The rule of thumb says that it is 6-10 times more expensive to win new customers than it is to retain existing customers (more at Wikipedia). So you’d think that any sensible company would make sure there existing customers don’t get disgruntled, annoyed, or even begin to consider that better options may lie elsewhere.
My favourite company (!) Virgin Mobile has just released a Free to V service. As you’ll no doubt guess from the catchy name, the service gives you free calls to other Virgin Mobile customers. As someone who’s recently joined Virgin’s service (and someone who’s always up for a bargain), I thought I’d call and enquire as to how I can get in on this deal.
Upon calling the lovely Virgin Mobile call centre, I was informed that this “great deal” is only available to new customers. Surely a strategy that encourages new customers (who are 6-10 times more expensive to attract) and at the same time annoys existing customers is the work of a very special mind.

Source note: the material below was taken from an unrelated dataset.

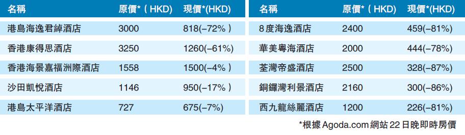 而網上預訂酒店價格較直接入住更低。昨天,港島和九龍區多間酒店最低入住價格在酒店預訂網站顯示,均在200至400元一晚不等。例如,華美達海景酒店為228元;華麗銅鑼灣酒店為285元;華美粵海酒店為307元;荃灣絲麗酒店為270元;西九龍絲麗酒店為224元,等等。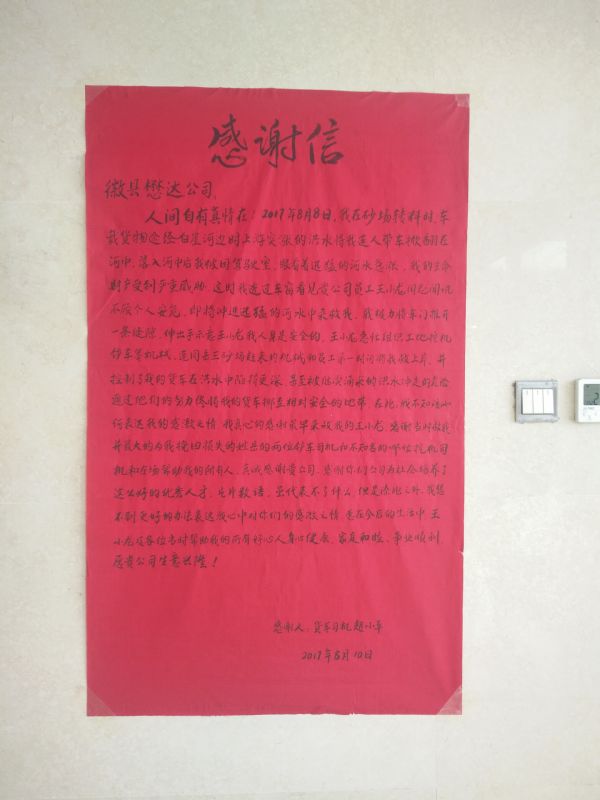 趙小平說:“8月8日中午,我駕駛貨車途徑柳林白崖河,由于突降暴雨、河水猛漲,洪水將我連人帶車掀翻至河中,我被困在駕駛室,當(dāng)時(shí)生命和財(cái)產(chǎn)受到了嚴(yán)重威脅。這時(shí),貴公司王小龍立即向我伸出援手,在第一時(shí)間組織工地挖機(jī)、鏟車等機(jī)械,連同岳克斌、岳涵、陳興銀等員工一起,順利將我救上岸,并及時(shí)控制了我的貨車沒有陷的更深。在此我表示深深地謝意,感謝貴公司為社會(huì)培養(yǎng)這么好的優(yōu)秀人才,愿幫助我的幾位好心人身體健康、家庭和睦、事業(yè)順利,愿貴公司生意興隆。”

If Free to V is a loss leader to attract new customers, and if the loss is so prohibitively high that they don’t want to offer it to existing customers, this strikes me as a risky short-termist strategy. Maybe new customers will increase, but the retention rate for existing customers will surely go down.
I can understand how a strategy like this got signed off, but I hope that a strategy based on frustrating your existing customers gets them what they deserve.
I want to state that I have nothing against Virgin Mobile per se – and I actually kind of like the general Virgin brand and the way it has expanded and follows me around the world. But come on Virgin Mobile Australia – this isn’t a joined up customer experience strategy.